Joe Biden has said that in past years, his family has traveled out of state so that they can have a big extended family gathering around this holiday, but instead, this week, they opted to stay back behind here in Delaware and only get together with a couple of members of their family and we heard Biden talk earlier this week in this national address that he understands the sacrifices that a lot of people are making across the country.

And he also wrote an op-ed for CNN.com, just a little part of which I want to read. He wrote, "Like millions of Americans, we are temporarily letting go of the traditions we can't do safely. It is not a small sacrifice. These moments with our loved ones, time that's lost can't be returned, yet we know it's the price of protecting each other, and one we don't pay alone, isolated in our own dining rooms and kitchens, scattered from coast to coast, we are healing together."

We've heard a pretty empathetic message coming from the president- elect, saying that he really understands the experience of looking around the dinner table and seeing that there's an empty chair, obviously a reference to how so many families across America have lost loved ones because of this pandemic. And then just a very urgent message from the president-elect as well, urging everybody to please act responsibly around the holiday season because he knows that we can get back to normal soon, particularly with vaccine distribution potentially being around the corner.

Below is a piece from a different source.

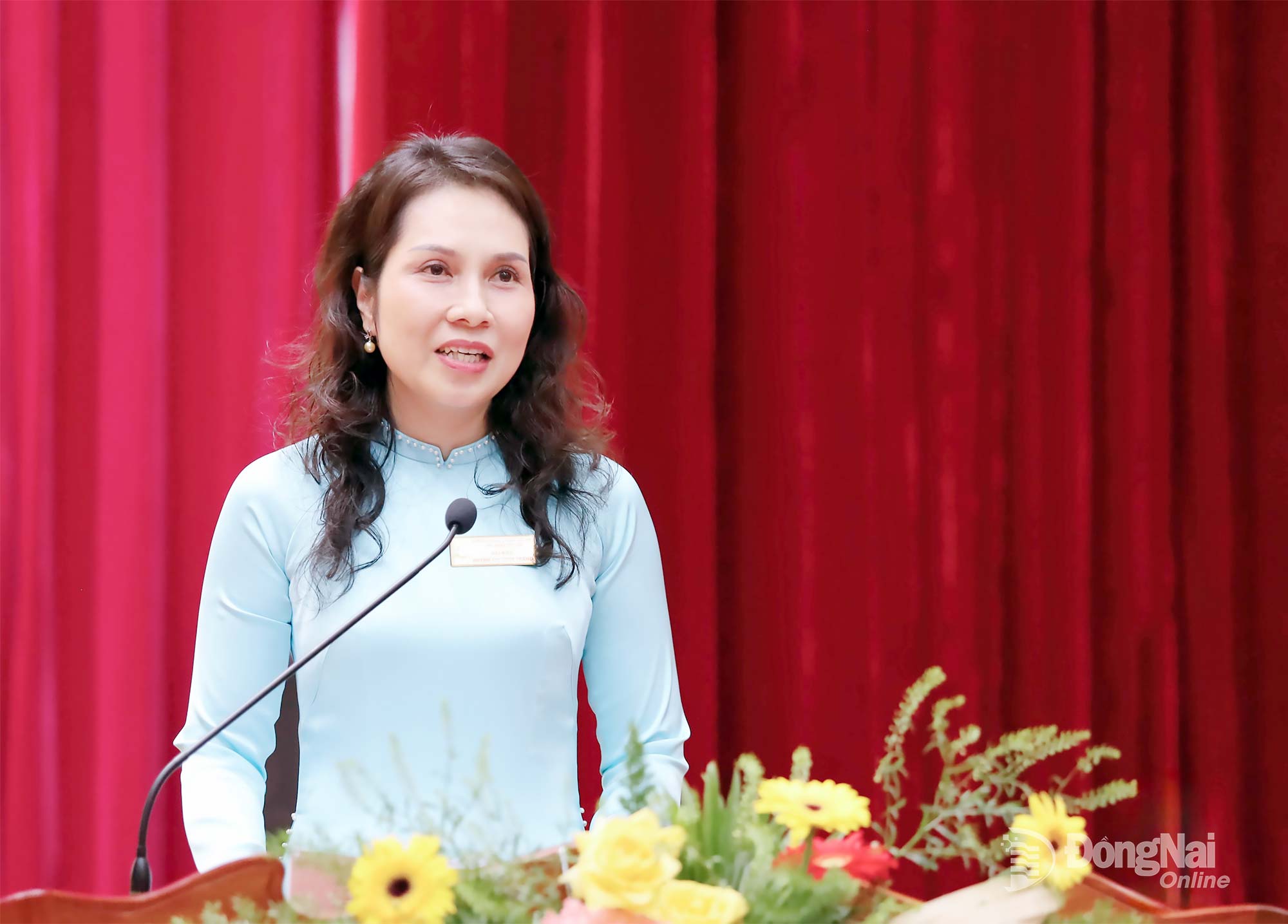 | Ủy viên Ban Thường vụ Tỉnh ủy, Trưởng Ban Nội chính Tỉnh ủy Đồng Nai Nguyễn Minh Hợi trao bức trướng của Ban Chấp hành Đảng bộ tỉnh tặng đại hội. Ảnh: Ngọc Thuận |

So this has been a pretty consistent message that we have heard from Joe Biden over the last couple of months.

MJ Lee, CNN, Rehoboth Beach, Delaware.

(END VIDEOTAPE)

NEWTON: President Trump meantime observed a Thanksgiving tradition by calling U.S. troops deployed overseas. But in a news conference with reporters, he remained preoccupied with a fictional view that he won the election.

[04:05:07]

CNN's Kaitlan Collins explains.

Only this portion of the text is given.